Третий этап — внезапное «прозрение» работников музея и похмелье после упоения сотрудничеством на первых двух этапах. Обычно это время в пределах месяца, непосредственно предшествующее началу монтажа экспозиции. На этом этапе, несмотря на все юридические договоренности, бесчисленные обсуждения, потраченные деньги и прочее, стороне современного искусства сообщается, что с самого начала было большим заблуждением рассчитывать на совместный проект. Это может быть сделано в открытой форме вроде разоблачения корыстных мыслей художника, направленных на изменение чего-либо в музее или же обществе. Это может быть техническое обоснование вроде того, что предложенный план реализации проекта не соответствует нормам создания музейных экспозиций. Наконец, это может быть сделано завуалированно, в режиме «вытеснения». Так, музейный работник может вам сообщить, что не понимает вообще, о чем идет речь, и впервые слышит о том, что вы занимаетесь современным искусством. Но, как правило, страх принятия на себя ответственности или же юридические и иные обстоятельства не позволяют просто отменить проект. Поэтому предлагается нечто вроде компромисса. Суть его заключается в максимальном дистанцировании вашего художественного высказывания от музея или же в его максимальной банализации с учетом норм, принятых российским музейным сообществом.
© П.М.Боклевский
На последнем этапе в зависимости от результатов торга вы либо пытаетесь в срочном порядке произвести нечто, способное соответствовать уровню художественного высказывания и одновременно удовлетворить суровым требованиям музеологов, либо берете на себя ответственность и сворачиваете проект.
Эта схема, очевидно, не охватывает все возможные конкретные случаи и не может являться репрезентативной для всех музеев РФ. Однако в ходе многолетних творческих экспериментов, к сожалению, она показала свою адекватность.
Отдельно стоит сказать пару слов о самих работниках музеев. Как правило, они делятся на две категории: те, кто работает в музее с советских времен, и те, кто пришел на волне реформ 2000—2010-х. Первые — своеобразные музейные Коробочки. Они — профессиональные музейные работники с профильным образованием и хорошим знанием предмета. Их консерватизм, с одной стороны, оказывается препятствием на пути творческих экспериментов, но одновременно с тем оберегает музеи от скатывания в коммерческий ширпотреб или же совсем уж непрофильный китч. Вторая группа — музейные Чичиковы, — как правило, профильного образования не имеет. Это менеджеры, не обязательно из сферы культуры. Эта группа, в свою очередь, является агентом изменения, но одновременно с тем и носителем потенциально деструктивного для музея импульса в виде необразованности и нечувствительности к музейной деятельности. Стоит отметить, что в реальной практике роли этих двух групп могут меняться.

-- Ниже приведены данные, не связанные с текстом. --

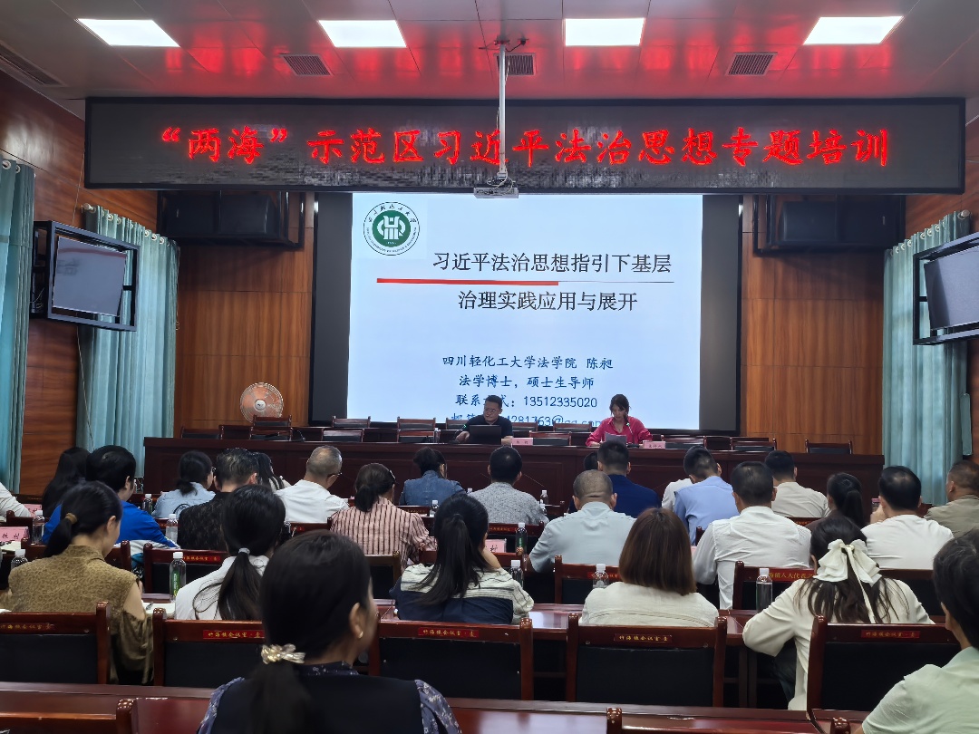 10月15日,我校法学院教师陈昶博士受邀参加宜宾市“两海”示范区2025年习近平法治思想专题培训会,为宜宾市“两海”示范区开展了题为“习近平法治思想指引下基层治理实践应用与展开”的专题讲座。公众代表、相关部门或单位、乡镇和村(社区)相关负责人或代表参加了本次培训。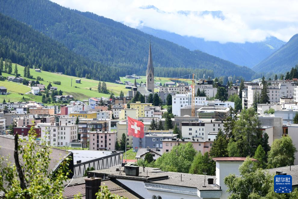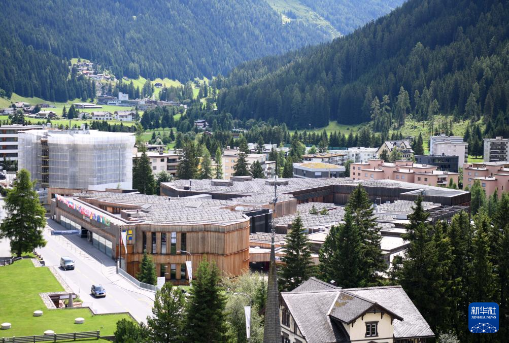 这是7月13日在瑞士达沃斯拍摄的达沃斯会议中心。 夏天的瑞士达沃斯小镇,草木繁茂,绿意盎然。远山、湖水和民居交织成一幅幅迷人画卷。 新华社记者 连漪 摄

Порой хранители музейных традиций предлагают более радикальные и абсурдные решения, чем менеджеры-новаторы. Последние, в свою очередь, порой оказываются гораздо более консервативными, чем прошедшие через школу создания музейных экспозиций советские профессионалы.
© П.М.Боклевский
Зачастую самой горячей темой в общении с музейными работниками является обсуждение возможного взаимодействия с постоянной экспозицией. Это действительно очень деликатная область, и без серьезной проработки в нее лучше не вторгаться. Однако одной проработки недостаточно. Экспозиция должна быть заверена на самом высоком уровне. В свое время в качестве примера идеального взаимодействия художника, куратора и музейной институции бывший директор Музея современной истории России показывал экспозиционный план времен Сталина. На документе стояли подписи чуть ли не министерских чиновников и высших руководителей партии (фрагменты экспозиционных планов я использовал в тексте «Места истории»). В ММК, где экспозиция входного зала до сих пор до конца не проработана, возможность для совместного творчества художника и музейного работника не просто присутствует, а является острой необходимостью. Но логика, по которой это взаимодействие осуществляется, — логика внутримузейных внутриполитических раскладов. Она основывается на борьбе группировок, страхах за собственное место и самоцензуре. То, что художнику кажется невозможным, например, использование ссылок на Федорова или размещение отдельных объектов внутри экспозиции, озвученное почти слово в слово музейным работником, является допустимым. Так, в качестве элементов экспозиции один и тот же человек предлагал цитаты из Священного Писания, документы Федорова и группы авангардистов «Амаравелла», и в то же время тот же человек на встрече с руководством музея требовал убрать Федорова как недостойного нахождения в музее — и прочее, прочее, прочее. В каком-то смысле по-человечески все это можно понять. Получающие копейки музейные работники зачастую готовы идти на все, лишь бы сохранить свой заработок и профессиональное достоинство. Эта ситуация вызывает печальные ассоциации с другими работниками бюджетной сферы, также находящимися в условиях социального прессинга, например, учителями и медработниками.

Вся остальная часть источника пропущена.